After the breakfast, someone approached me with this identical situation. The immediate family is overwhelmed, angry, in pain and suffering with guilt. The senior parents, well…they’re angry, too.
She said that she would pass on my name to her friend and hopefully she will contact me and if a reverse loan isn’t a solution, I can at least point them in the right direction for an assessment of the parents’ conditions and possibly have a professional care giver come in for a few hours each week and provide some relief for the family.
In all of the hoopla regarding the passage of H.R 3221 a week ago, nothing was mentioned in the media about the provision regarding Reverse loans.
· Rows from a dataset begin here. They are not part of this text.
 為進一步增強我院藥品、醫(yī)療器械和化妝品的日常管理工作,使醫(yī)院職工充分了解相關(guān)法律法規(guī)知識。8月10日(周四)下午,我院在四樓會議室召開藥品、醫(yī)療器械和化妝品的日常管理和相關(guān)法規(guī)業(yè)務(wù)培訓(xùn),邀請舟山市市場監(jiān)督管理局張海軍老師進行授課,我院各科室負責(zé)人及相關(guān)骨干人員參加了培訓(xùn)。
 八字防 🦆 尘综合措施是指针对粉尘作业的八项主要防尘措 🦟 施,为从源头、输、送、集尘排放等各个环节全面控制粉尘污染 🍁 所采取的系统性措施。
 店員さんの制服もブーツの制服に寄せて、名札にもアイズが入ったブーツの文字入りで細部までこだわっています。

The FHA Home Equity Conversion Mortgage (HECM) will have it’s lending limit increased nationwide to $417,000.
In the greater metropolitan areas, that figure could be $625,500! In either case, these amounts will be the same throughout the United States and no longer based on the previous method of using the amount designated by a County.
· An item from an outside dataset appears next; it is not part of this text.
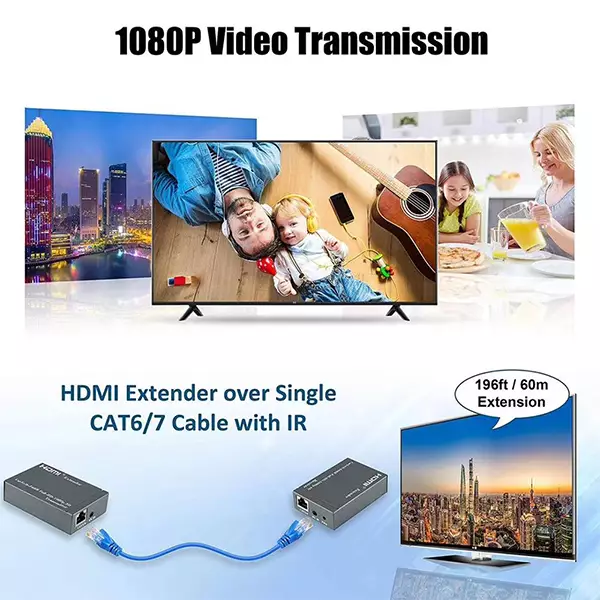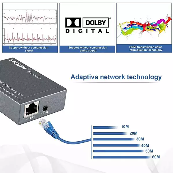 The extender uses single cat-5E or cat-6 (recommended) cables instead of HDMI cable to transmit high definition signal up to 60m, cutting down the cost. It is designed to supply long distance transmission of high definition signal. A solutions for noise, space and security concerns, data center control, information distribution, conference room presentation, school and corporate training environments.

As of this time, there is ongoing discussion as to whether the 417K will be the “floor” and the $625,500 the ceiling but until that is decided it could cause a delay in moving forward with these new figures.
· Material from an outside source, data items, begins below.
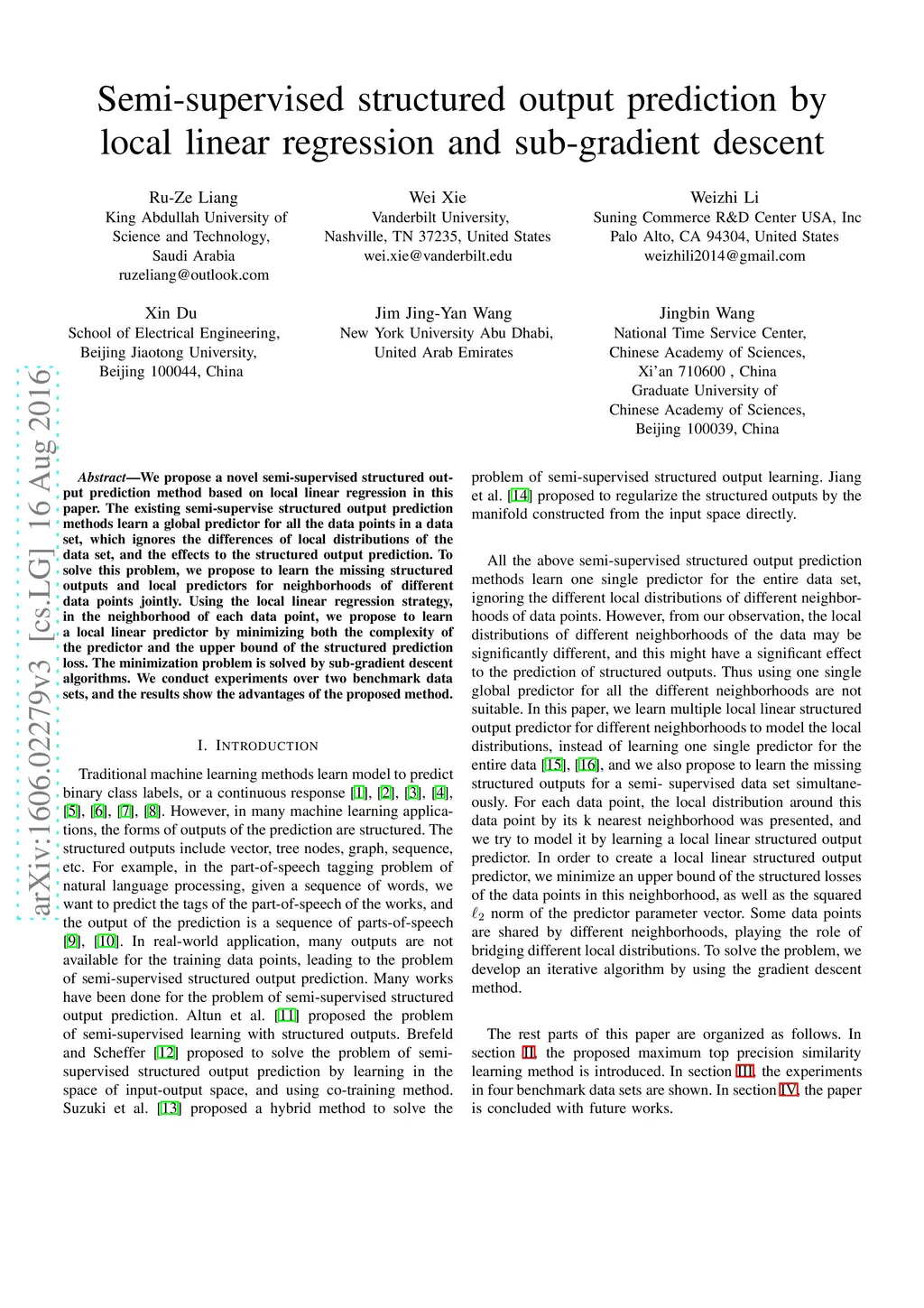 We propose a novel semi-supervised structured output prediction method based on local linear regression in this paper. The existing semi-supervise structured output prediction methods learn a global predictor for all the data points in a data set, which ignores the differences of local distributions of the data set, and the effects to the structured output prediction. To solve this problem, we propose to learn the missing structured outputs and local predictors for neighborhoods of different data points jointly. Using the local linear regression strategy, in the neighborhood of each data point, we propose to learn a local linear predictor by minimizing both the complexity of the predictor and the upper bound of the structured prediction loss. The minimization problem is solved by sub-gradient descent algorithms. We conduct experiments over two benchmark data sets, and the results show the advantages of the proposed method.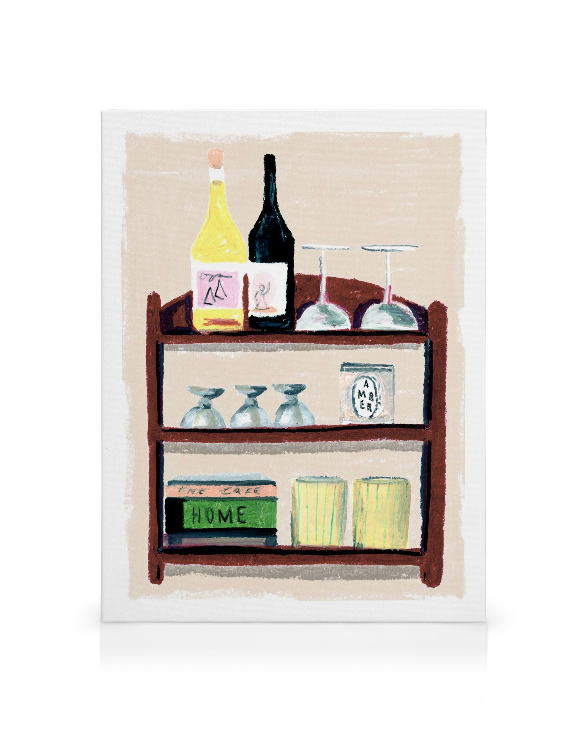 From $24.98A hand-painted canvas print of a wooden shelf with bottles, glasses, jars and books in yellow, green and pink against a beige background.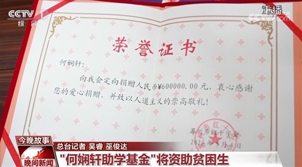 經過安徽省紅十字會和江蘇省蘇州市紅十字會的聯(lián)系協(xié)調,何嫻軒老人的善款最終被定向捐獻給她家鄉(xiāng)安徽省的天長中學,用于資助品學兼優(yōu)的貧困學生。
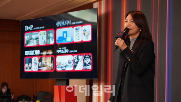 오소영 컨슈머 프로덕트 부문 시니어 매니저 ‘넷플릭스 콘텐츠의 일상 경험 확장 사례’를 소개했다. 오 매니저는 “오징어게임 시즌2는 한 편의 콘텐츠를 넘어 K문화를 즐길 수 있는 축제로 접근을 했다”며 “한국의 식음료, 뷰티, 패션 등 다양한 문화 영역에 있는 브랜드와 협업해 가능하면 해외에서도 성공적으로 유통할 수 있는 기회를 만들고자 했다”고 강조했다.

There is also a provision that will allow the funds from the HECM to be used for a home purchase. This could be very signaficant for a senior wishing to relocate but unable to qualify and make mortgage payments on a traditional loan.
I don’t have any additional details on it as of this but the time. But the projection is for it to be available sometime in November.
The loan origination fee has been reduced by .50% but in actuality, the overall cost to the borrower doesn’t change, because of the higher lending limits. This is because the Mortgage Ins. Premium (MIP) that is charged by FHA, is based on the lending limit and since they are going to be higher, pretty much washes out the savings gained from the lower origination fee.
There is a misconception among the general public and professionals as well, that when the last survivor passes away, the Bank will assume ownership of the property and the heirs will receive nothing at the end of the loan. This is one of those persistent myths that as continued for quite some time and is totally incorrect and sadly hurts the senior community and their families when they are trying to make a decision as to whether or not a Reverse loan would be appropriate to use. When the last borrower passes away, the heirs inherit the property, at which time the loan becomes due. The family will have 12 months to pay off the loan and typically it’s done through the sale of the property. When the sale is concluded, they will receive the remaining equity and any interest that has accrued on the loan, is a tax deduction for the heirs within that year.
Unlike a traditional loan where the applicants(s) must prove that they can make the mortgage payments and have good credit scores, the qualifications for a Reverse loan are completely different. A Reverse loan doesn’t require the borrower to ever make any mortgage payments but instead, the borrower receives money (equity) from their home. Even if they should have poor credit scores, that will not affect their ability to be approved. The only requirement is that the borrower(s) be age 62.